To ignite fires, they might have used bundles of grass or other ignition sources.
“But today, with a lot of the cultural burns that happen, we use drip torches. We use modern tools, because we’re allowed to evolve as well,” Mary said.
The future of Indigenous fire
Despite a multitude of challenges, cultural burns still happen today. Increasingly, Tribal environment departments are incorporating this practice in the lands they manage. Mary sees an opportunity for more collaboration between nonprofits, government entities, and tribes.
“I would love to see more conservation partners engage with Tribal entities to integrate Traditional Ecological Knowledge* into their land management strategies and allow Indigenous people to use the land for collection and other cultural purposes,” she said.
A long history of fire and cultural suppression continues to challenge the revival of cultural burning.
“For a long time, it was outlawed for Native Americans to conduct burns. Even today, a lot of the burns that happen on Indigenous lands have to be conducted through the Bureau of Indian Affairs,” Mary said. “With some of those strict fire management protocols, it doesn’t leave a lot of wiggle room for some of the cultural practices to take place.”
Some hurdles are with the National Wildfire Coordinating Group standard, a rigid but safe protocol most firefighters in prescribed fire or suppression must follow. Important elements of cultural burns might be considered at odds with the requirements of the standard.
“Some of that might be like waiting to do a smudge before the burn starts or allowing elders to be on the fire line,” Mary said. Rules include physical capacity tests and certifications that may be out of reach for older people.
“You’re not going to get a grandpa or grandma to be able to pass those things,” Mary said, but their inclusion is important.
Access to land is another hurdle. Treaties govern land that tribes were forced to cede in the 1800s. Rights vary from treaty to treaty.
“We can only collect on Federal and State property, and if you look at the State of Michigan, a significant portion of it is private,” Mary said.
Collaboration between land managers who hold culturally significant lands and Tribal entities could help support the return of cultural burning. These collaborations are beginning to happen, but progress is slow.
“If we can connect and align the land manager, Tribal stewards, and also a prescription of fire at the right time, that would be incredible,” Mary said.
Mary also hopes to see more Indigenous people leading the application of fire as a restoration tool.
“I would like to see more Indigenous-led fire,” she said. “There’s a lot of really good work being done by Tribal environmental departments. Like with any organization, there’s always room to grow. I would love to see Tribal environmental people have more fire capacity internally.
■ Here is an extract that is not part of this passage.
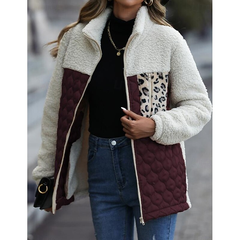 Women's Trench Coat Going out Fall Winter Long Coat Regular Fit Warm Breathable Stylish Casual Jacket Long Sleeve Leopard Slim Fit Wine Army Green Coffee

That could mean they have individuals who are qualified as Type 2 Firefighters, or they are able to participate in other burns with different nonprofits nearby.”
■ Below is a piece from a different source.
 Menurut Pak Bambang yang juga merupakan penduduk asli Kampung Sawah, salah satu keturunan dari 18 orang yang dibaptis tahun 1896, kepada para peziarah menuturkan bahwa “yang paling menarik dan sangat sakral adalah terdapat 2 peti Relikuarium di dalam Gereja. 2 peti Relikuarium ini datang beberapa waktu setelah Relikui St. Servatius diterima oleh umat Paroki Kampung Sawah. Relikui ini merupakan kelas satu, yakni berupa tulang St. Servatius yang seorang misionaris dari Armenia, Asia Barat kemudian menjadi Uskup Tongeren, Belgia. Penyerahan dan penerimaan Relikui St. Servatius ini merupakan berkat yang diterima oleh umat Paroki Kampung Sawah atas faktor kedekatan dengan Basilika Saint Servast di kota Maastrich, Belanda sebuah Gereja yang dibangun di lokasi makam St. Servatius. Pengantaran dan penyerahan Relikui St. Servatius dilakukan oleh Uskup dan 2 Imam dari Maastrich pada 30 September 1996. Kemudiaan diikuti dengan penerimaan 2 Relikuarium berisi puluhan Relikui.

Mary is living her vision through her career, studies, and teachings. In her work at Pierce Cedar Creek Institute, she continues to be inspired by what fire can do.
“There is so much you can learn from the land through fire,” she said.
*According to the National Park Service, “Traditional Ecological Knowledge (TEK) is the on-going accumulation of knowledge, practice and belief about relationships between living beings in a specific ecosystem that is acquired by indigenous people over hundreds or thousands of years through direct contact with the environment, handed down through generations, and used for life-sustaining ways.”